Os críticos da ciência, no sentido indicado, começaram por ser os próprios cientistas, nos
finais do século XIX, Boltzmann, Planck, Poincaré. No século XX apareceram os cientistas
sociais, Webber, Needham, Merton, Khun. E muitos outros mais.
E em que consiste a «negação da ciência» que o preocupa?
Em minha opinião, Thomas Kuhn levou a crítica da ciência ao seu limite. A partir daí,
temos um buraco negro que se abre. Que há uma comunidade científica que decide o que
está certo e o que está errado, isso é verdade. Mas daí a concluir-se que tudo depende
exclusivamente de jogos de poder (académicos, políticos, mediáticos, ou outros) vai uma
distância infinita. O que a História mostra é que, por vezes, apesar da comunidade
científica, a verdade científica acaba sempre, ou quase sempre, por ganhar. É um pouco
como a democracia...
Não poderão sociólogos e filósofos ter razão quando acusam a ciência de uma
atitude arrogante?
Os sociólogos e filósofos têm a sua razão quanto à arrogância da ciência. Há cientistas
das ciências duras, infelizmente, que continuam a portar-se de maneira arrogante e a
contribuir para a «guerra das ciências». Fiz um esforço muito grande no livro para inverter
essa tendência, mas não sei se consegui o que queria. Deve ter ficado claro que, embora
concordando com o conteúdo das críticas de Sokal, Baptista e outros, não tenho
entusiasmo pelo estilo usado.
Mas há ou não «críticos de ciência» que se apropriam indevidamente de conceitos
científicos deturpando-os? Do Princípio da Incerteza, por exemplo?
O que me preocupa é a negação da ciência. Aquela
crítica da ciência que vai no sentido de chamar à
atenção para que se trata de uma actividade humana,
tem todo o meu apoio. Mas daí a identificar incerteza
com subjectividade, relatividade com relativismo,
teorema de Goedel com o fim da matemática vai uma
enormíssima distância. A ciência fomentou muitas
ilusões, como a do socialismo científico e a do
cristianismo científico. A ideia da morte e
transfiguração da ciência é outra ilusão. Mas, voltando
à incerteza, por exemplo, o que é preciso dizer é que
o modo de fazer ciência no essencial continua a ser o
mesmo, antes e depois do Princípio de Incerteza. E
antes e depois da Relatividade ou do Teorema de
Goedel. O método, no essencial, continua a ser o
método desenvolvido por Galileu e muitos outros.
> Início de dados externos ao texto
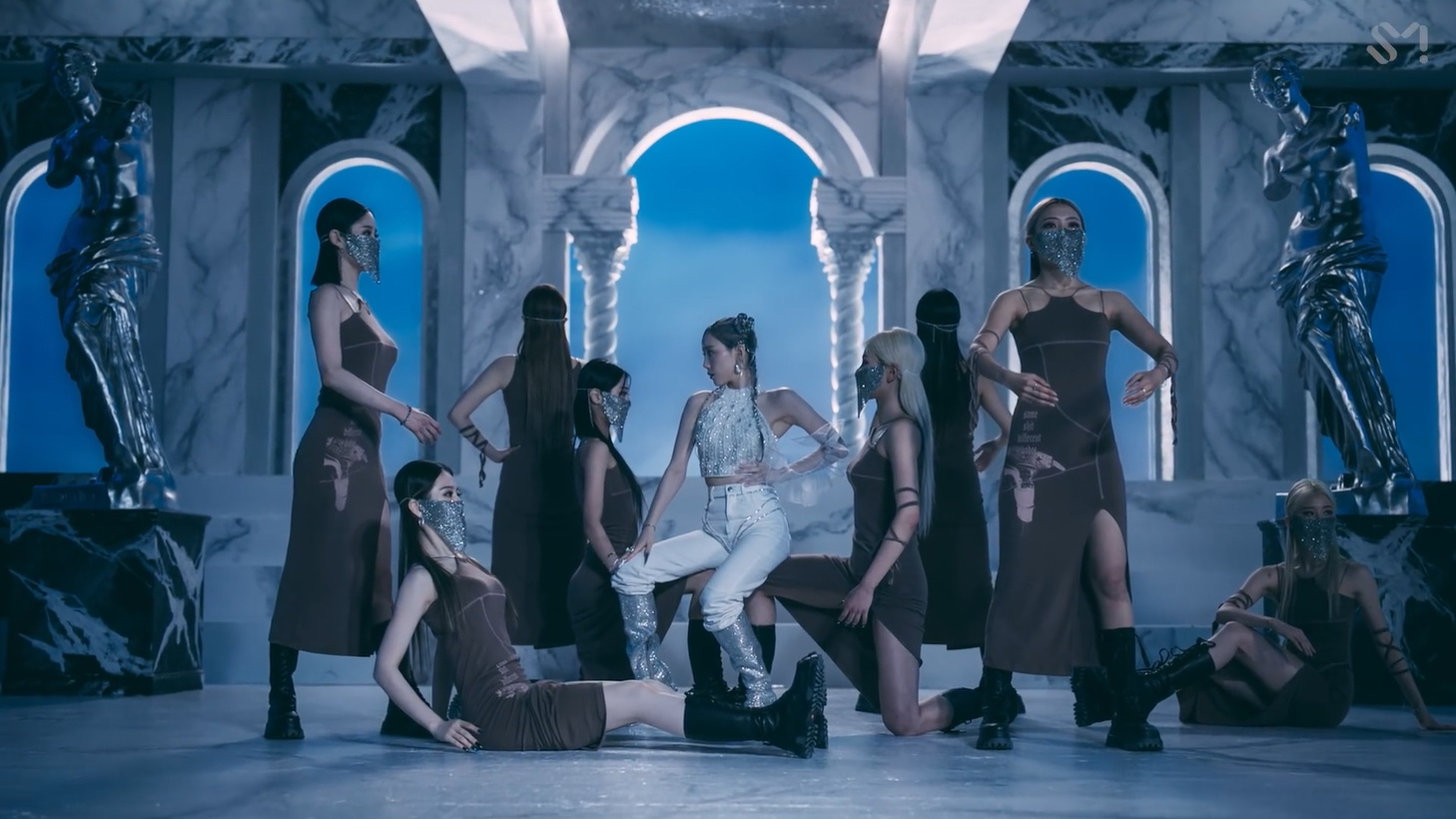 If you’ve already seen the music video, the connection seems rather obvious, with Taeyeon playing the role of Artemis, as evidenced by the bow and the Moon references, and based on the sets she seems to be on Olympus.
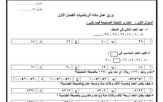 ورق عمل رياضيات الصف الثالث الابتدائي الفصل الأول
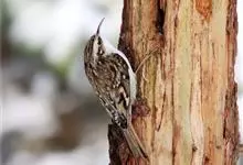 旋木雀是旋木雀科旋木雀属的一种动物。小型鸟类,体长12~15厘米,平均重10克。嘴长而下曲,上体棕褐色具白色纵纹,腰和尾上覆羽红棕色,尾黑褐色,外翈羽缘淡棕色,翅黑褐色,翅上覆羽羽端棕白色,…全部>>
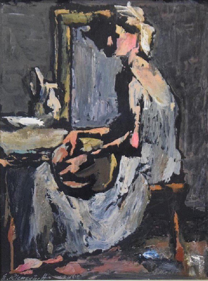 Eugene Klementieff (Russian 20th century) oil on board, seated lady in Interior, 13 x 10 inches.
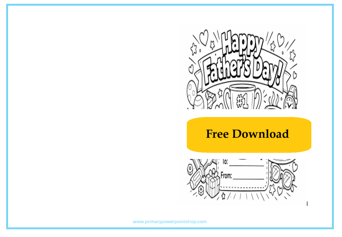 This free printable resource allows children to design and personalise their own Father’s Day card. Pupils can colour, decorate, and add a special message, making it a meaningful and engaging activity.
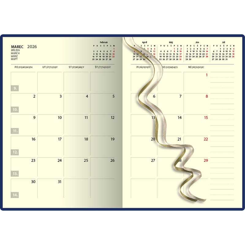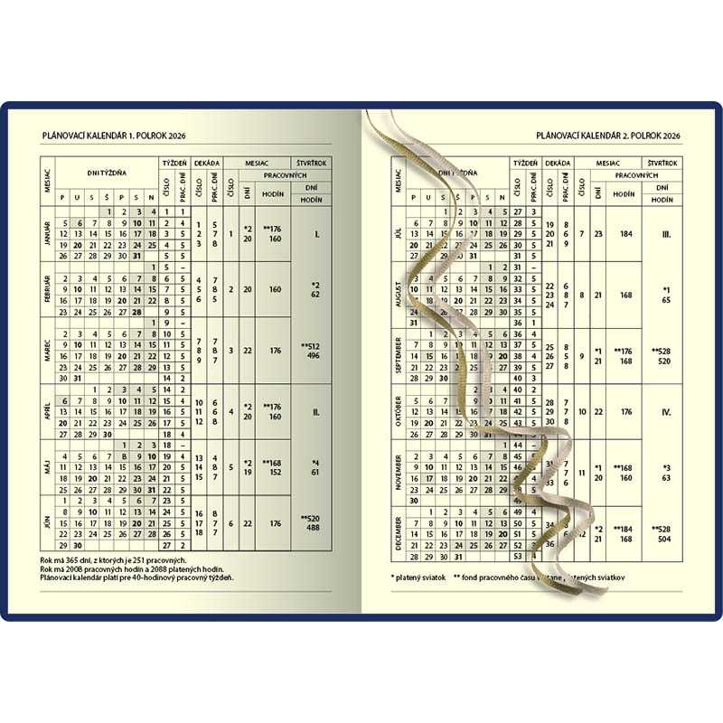 Nový rad diárov s výrazným letopočtom. Povrch má jemnú štruktúru a je vhodný pre všetky typy razieb. Denné rozloženie s česko-slovenským kalendáriom a doplnkovou angličtinou, nemčinou, maďarčinou a ruštinou.• kalendárium od decembra 2025• mesačný plánovací kalendár 2026 • mesačný plánovací kalendár 2027• ročný plánovací kalendár 2026–2027 • pracovný plánovací kalendár • sviatky Českej a Slovenskej republiky a a Slovenskej republiky • miesto pre osobné údaje • textilná záložka • perforované rožky • priestor na poznámky.Rozsah: 352 strán. Rozmer: 15 x 21 x 3 cm. Hmotnosť: 0,38. Papier: 70 g/m2 krémový papier. Väzba: tuhá knižná. Kalendárium: 6 jazyčné (CZ, SK, GB, DE, HU, RU) .
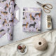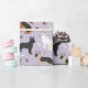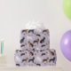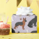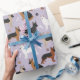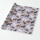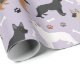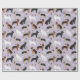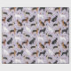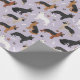 German shepherd bonitos em preto e bronzeado, preto e vermelho, preto e prateado, casacos brancas e traseiras em preto e branco e em pé com ossos de cão espalhados e pegadas em um fundo roxo claro.
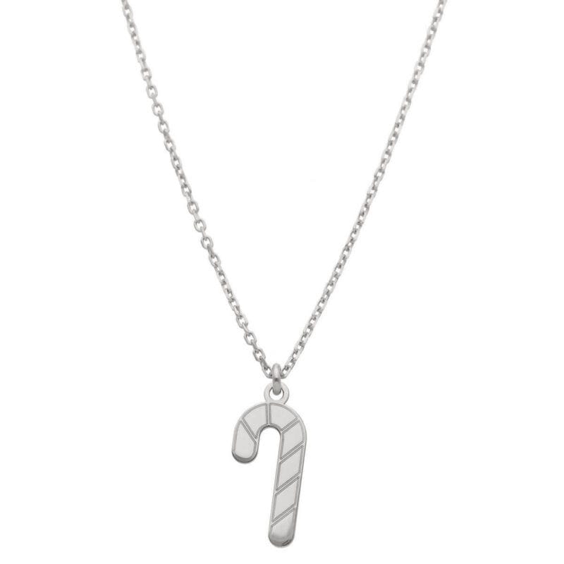 Świąteczny naszyjnik z cukrową laską, wykonany ze srebra próby 925. Całość zabezpieczona warstwą rodu, która chroni przed utlenieniem i matowieniem srebra.
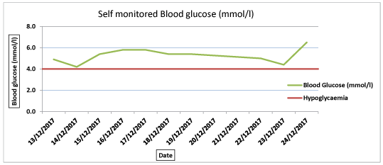 Figure 2: Patient's self-reported blood glucose monitored between 13/12/2017 - 24/12/2017.
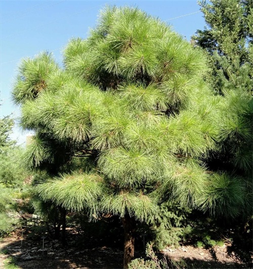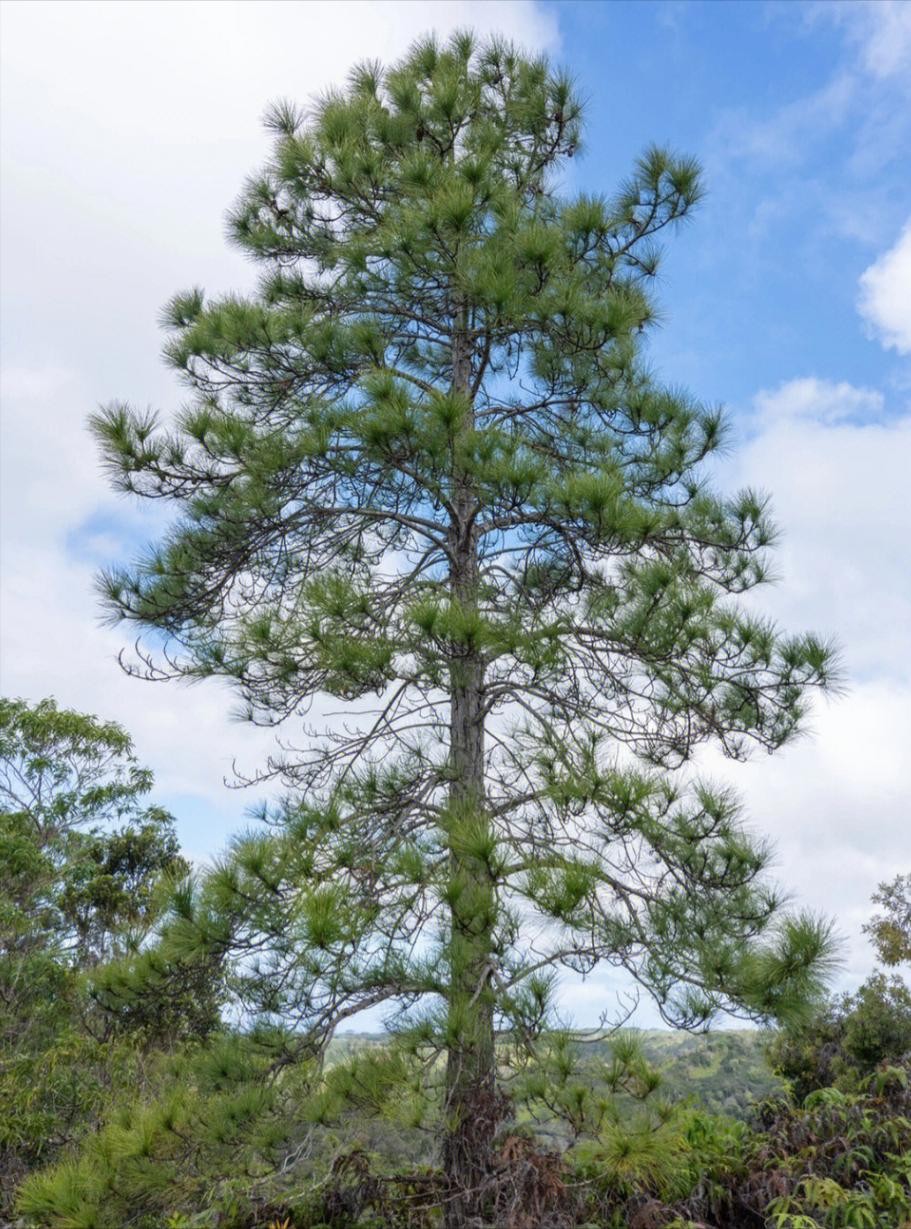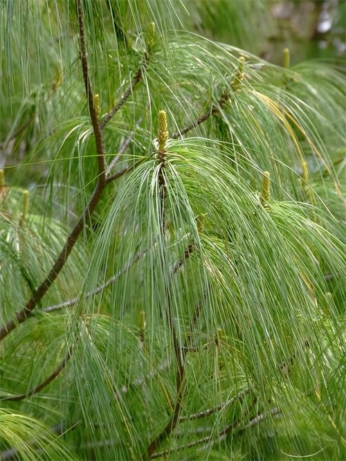 加勒比松别名古巴松,松科松属乔木,高达45米,树干枝下高达20米,树冠广圆形或不规则形状,树皮灰色或淡红褐色;针叶通常3针一束,稀2针一束,幼时多为4-5针一束。为喜光树种,抗风力较强,对土壤适应性广,一般山地土壤均适宜生长。
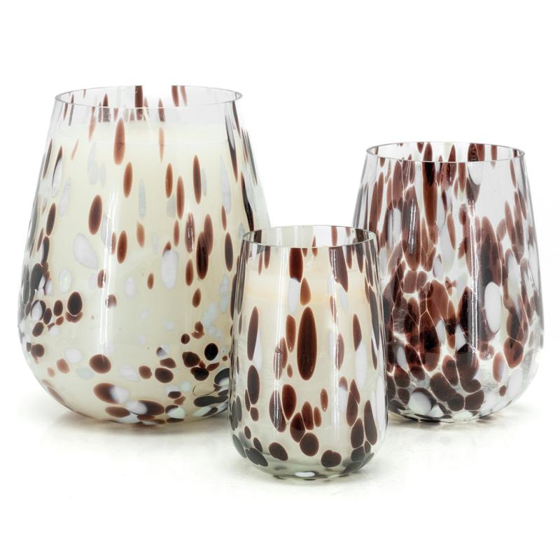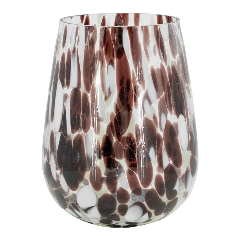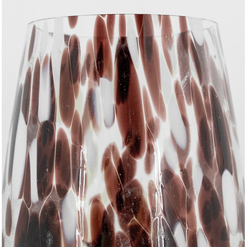 Glass candle holder, brown and white decoration
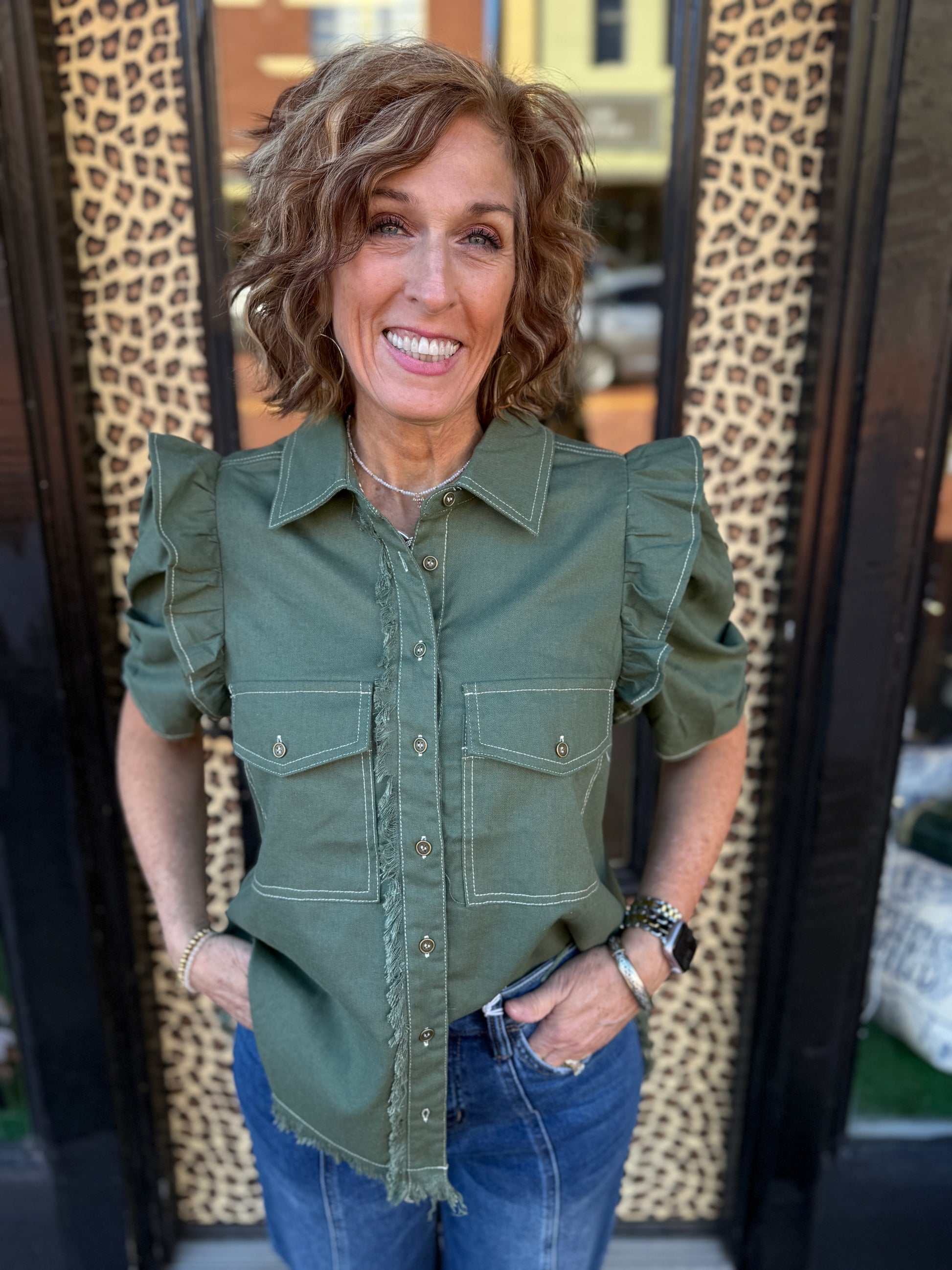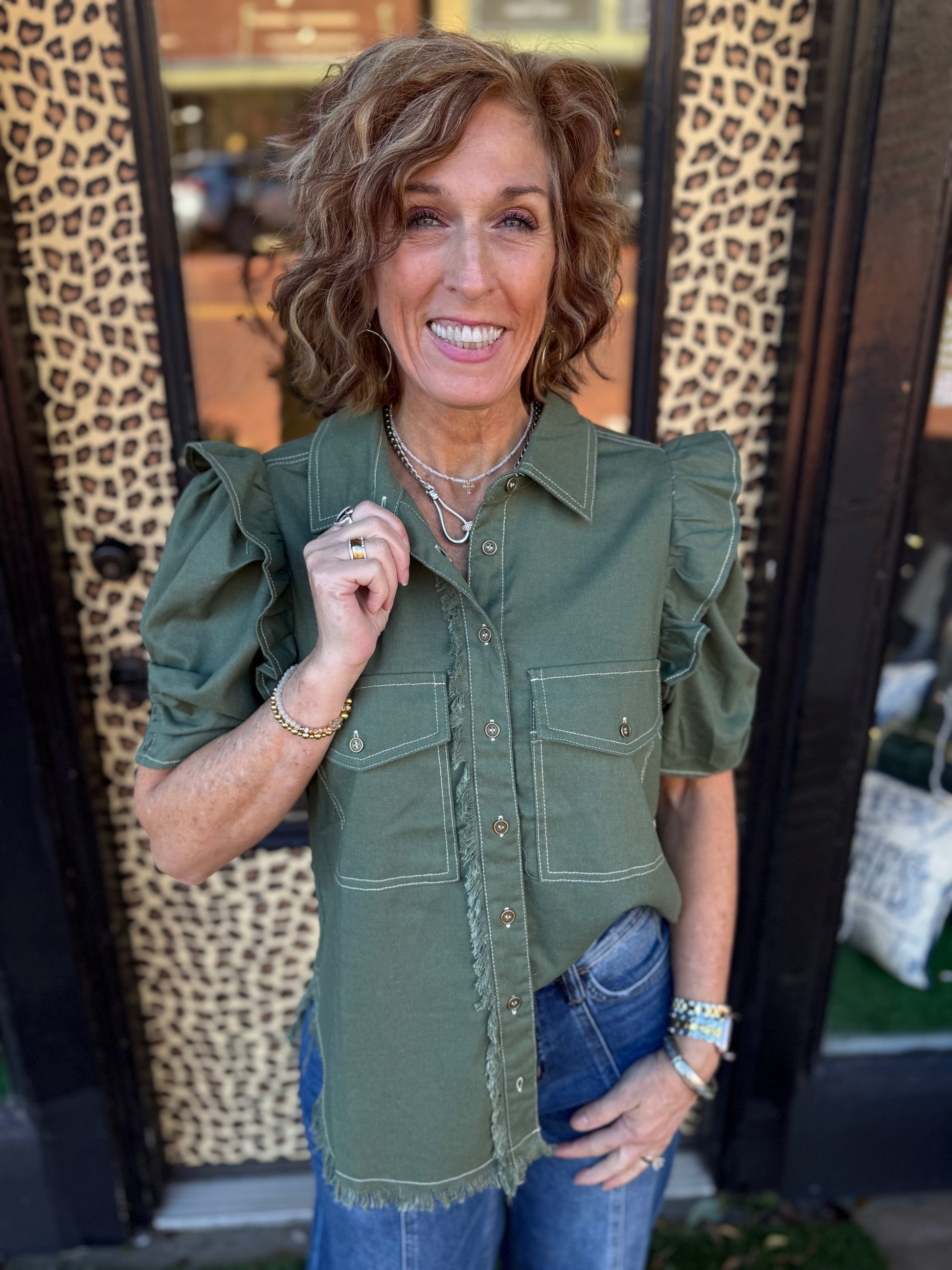 The Hallora Top is a refined linen button-up shirt that blends classic tailoring with delicate design touches. Featuring softly ruffled gathered sleeves, it adds subtle texture and movement, while the frayed hem details offer an understated edge. Lightweight and breathable, this top provides effortless elegance for both casual and polished ensembles.
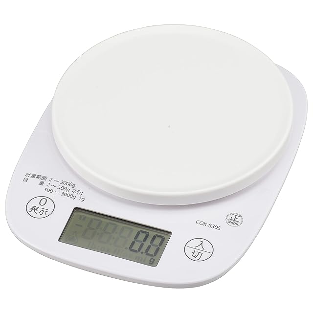 【 特 長 】● 最大計量3kg、抗菌仕様のクッキングスケール● 2g~500gまで0.5g単位、500g~3000gまで1g単位で計れます● 見やすい大画面表示● オーバーロード表示、低電力表示
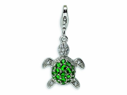 【中古】【未使用・未開封品】Amore LaVitaスターリングシルバーグリーンとクリアCZ Turtleロブスタークラスプブレスレットチャーム
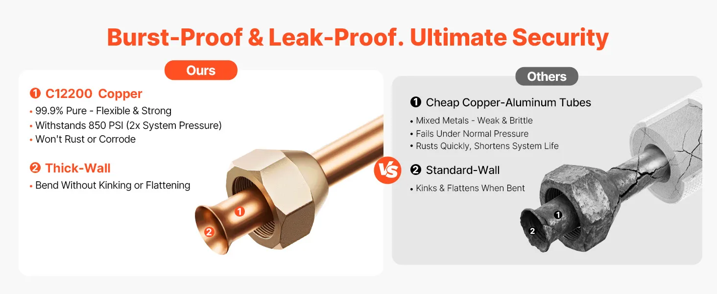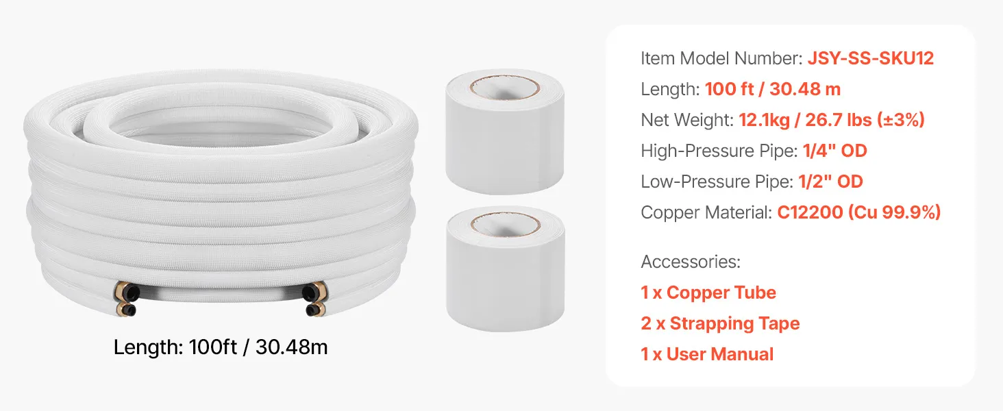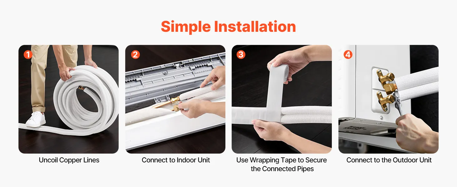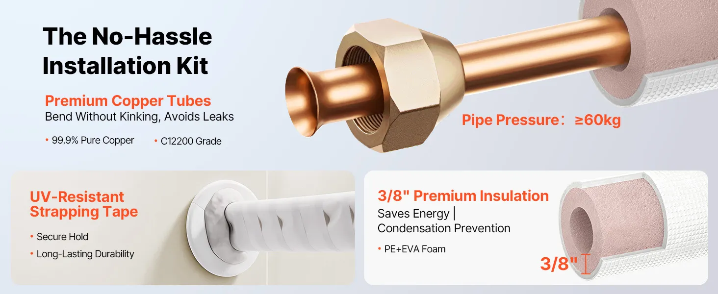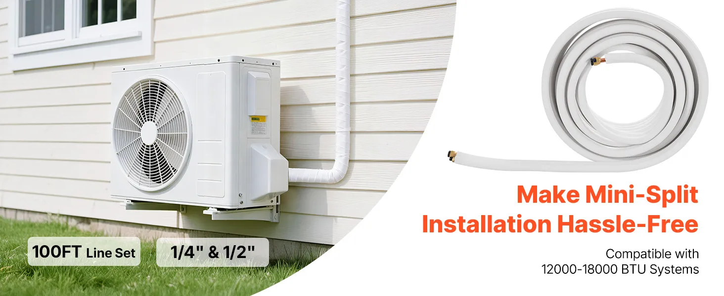 Súprava je kompatibilná s mini-split klimatizačnými jednotkami. Rúrky s vysokou čistotou odolávajú zalomeniu a netesnostiam pri ohyboch, čo je ideálne pre zložité zostavy, ako sú garáže alebo dielne. Dodáva sa s páskou - pripravená na použitie po vybalení z krabice. Jednoduchá inštalácia si vyžaduje len základné nástroje na pripojenie vnútorných a vonkajších jednotiek.

Incluindo a falsificabilidade de Popper. Boaventura de
Sousa Santos insiste, e bem, na questão da
complexidade, apresentando-a como algo difícil para
a ciência integrar. Mas novamente cai numa ilusão: a
complexidade e a não linearidade estão perfeitamente
integradas na ciência normal!
O livro de Boaventura Sousa Santos que tem sido mais asperamente criticado é Um
Discurso sobre as Ciências, mas não é esse que refere no seu trabalho. Porquê?
Eu realmente não conhecia Um Discurso sobre as Ciências. Quando o li, já a discussão
sobre ele tinha estalado. E também por essa altura já estava a escrever a primeira parte
do meu livro e a ler Crítica da Razão Indolente. Daí a ausência de referência ao Discurso.
Agora que conhece os dois livros, acha que as teses de um e de outro são
diferentes?
Penso que, no essencial, são as mesmas. Mas na Crítica há uma visão mais messiânica
para o futuro da ciência, e não só da ciência, que me interessa mais. O que me perturbava
não era tanto a interpretação, que julgo em muitos casos errada, dos resultados científicos
feita pelos pós-modernistas, mas sim a tal visão messiânica de fim da ciência com a
transfiguração desta numa nova ciência. Esse processo é que eu considero poder levar à
negação da própria ciência.
Por que é importante esta polémica no nosso país?
É importante porque há, a todos os níveis, uma grande incompreensão do que é a ciência
e de como é feita a ciência. Na profusão dos saberes e dos seus hipotéticos relativismos
perde-se a importância da ciência e o seu papel central nas sociedades actuais e futuras.
Tentei clarificar o mais possível esta questão no meu livro.